The long-run implication is that the U.S. will have to work with China not only as an economic force but as a vital player on the world political stage. The White House summit conveys a very public acknowledgment of China's power to shape events. China and the U.S. have recently worked together to persuade North Korea to end its nuclear-weapons program. At the United Nations, China has cooperated on all the peacekeeping issues that the U.S. has raised. Both the U.S. and China have actively reduced tension levels in the Taiwan Strait.

Yet it's true that Sino-U.S. relations have made some of their biggest gains when prospects seemed bleakest. Nixon first went to China at the peak of the Cultural Revolution. Ronald Reagan visited China after local bishops were arrested. And George Bush sent an emissary to Beijing to keep the relationship alive after the Tiananmen Square massacre.

Relations with China under Clinton have been similarly rocky. Unproved allegations of illegal Chinese campaign contributions have made the U.S. suspect Chinese motives.
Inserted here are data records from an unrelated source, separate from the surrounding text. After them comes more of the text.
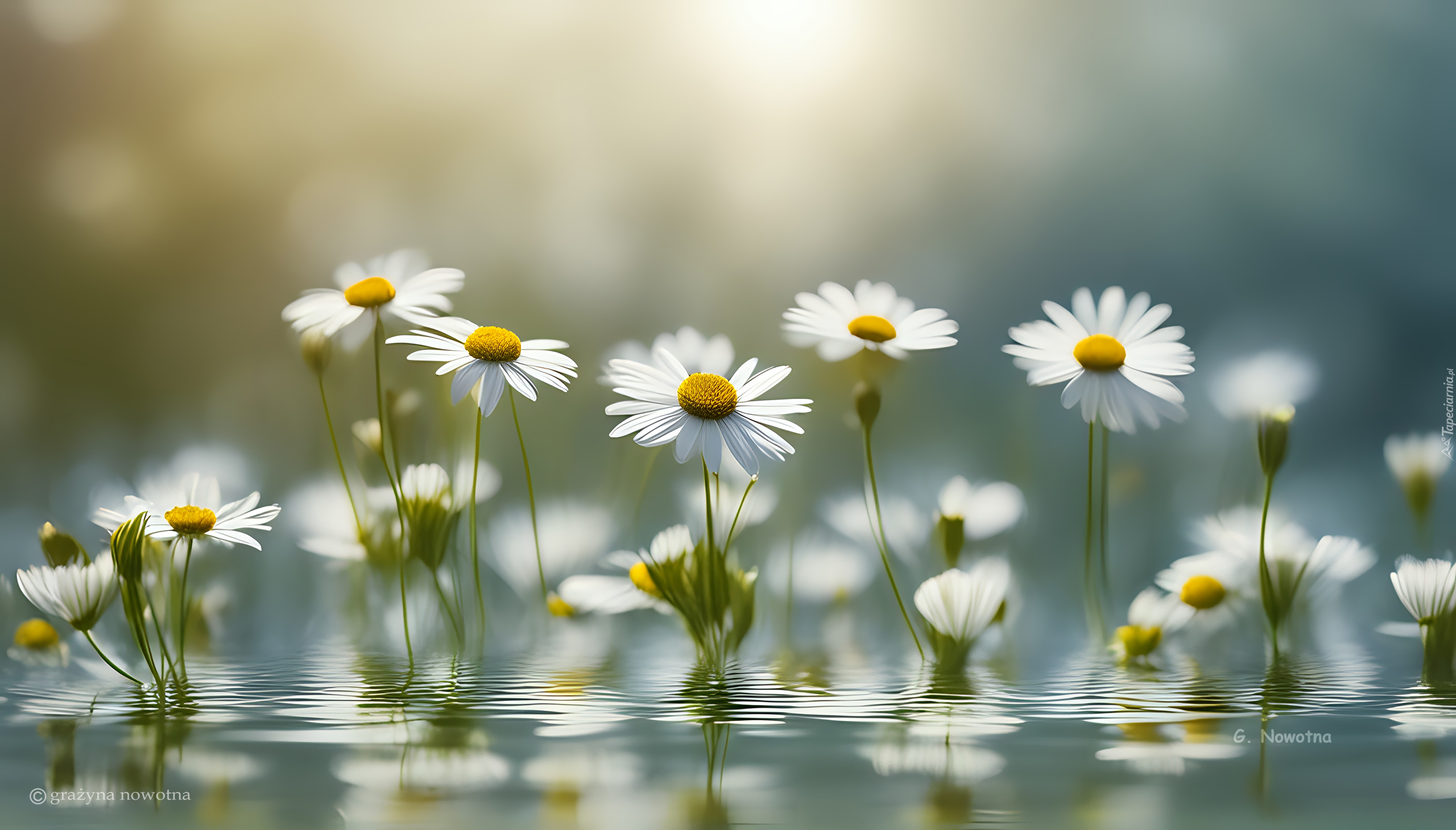 Edytor tapety: Białe margerytki w wodzie
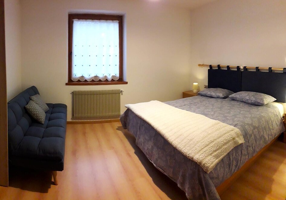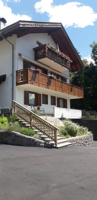 4. Ankunft in Tesero: Wenn du in Tesero angekommen bist, folge den Schildern zu Stava. Nach der Kurve in der via Cerin nimm die Straße, die wieder nach Tesero führt, und biege sofort links in die via Naronchel ab. Die Wohnung Naronchel befindet sich im Haus mit der roten Garage auf der rechten Seite!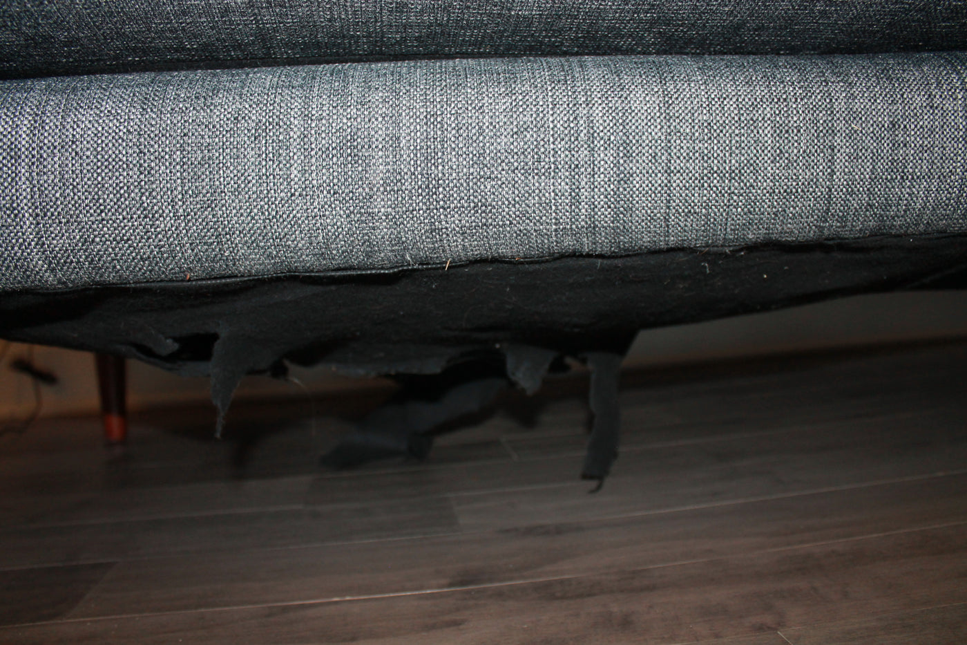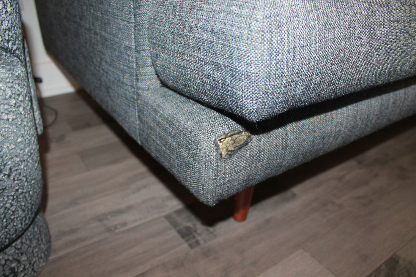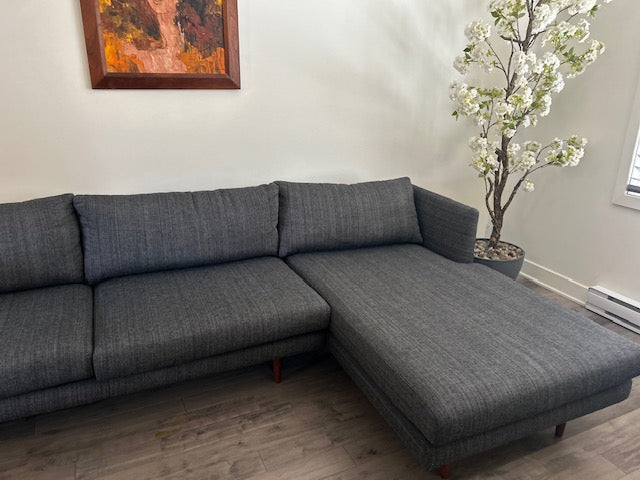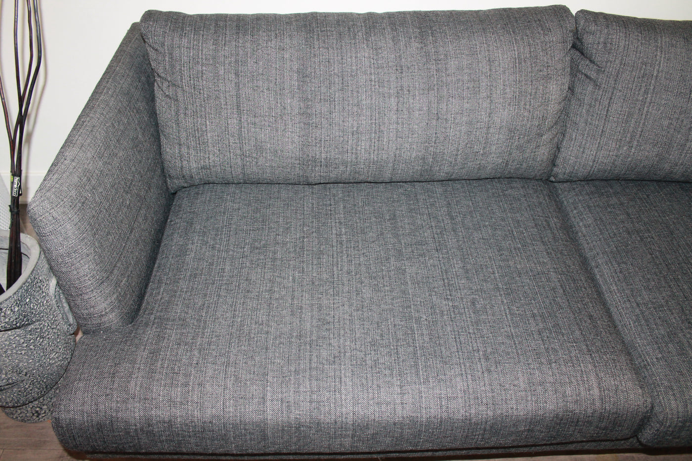Velcro seats with loose back cushions, mid-century styling, some damage to fabric under seating as shown. 70x34" main section, 36x64" extension.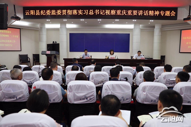 云陽網(wǎng)訊(記者 何競嘉)6月12日,縣紀委監(jiān)委召開專題會議,深入貫徹學習習近平總書記在“不忘初心、牢記使命”主題教育工作會議上的重要講話精神,傳達市委常委會(擴大)會議和全市“不忘初心、牢記使命”主題教育工作會議精神,以及縣委十四屆七次全會會議精神,研究部署縣紀委監(jiān)委當前工作。全體紀檢監(jiān)察干部共計170人參會。

Last year, relations hit rock bottom when the Administration allowed Taiwan President Lee Teng-hui to visit the U.S. The U.S. and China approached the brink in March, 1996, when China lobbed missiles near Taiwan. Washington sent aircraft carriers to the Taiwan Strait. The Administration assuaged Beijing by reaffirming its one-China policy and urging Taipei not to be provocative. But the issue could erupt at any time--for example, if the U.S. sells Taipei an anti-missile defense system, as some lawmakers in Washington want.

It may take a generation to determine whether China will turn out to be the benign global citizen its friends hope--or the rogue state its critics fear. The U.S. can only influence, not determine, the path this giant nation will take. It's up to the leadership in Beijing to determine whether the Middle Kingdom will continue to live in its own realm or embrace the rules that govern the rest of the world.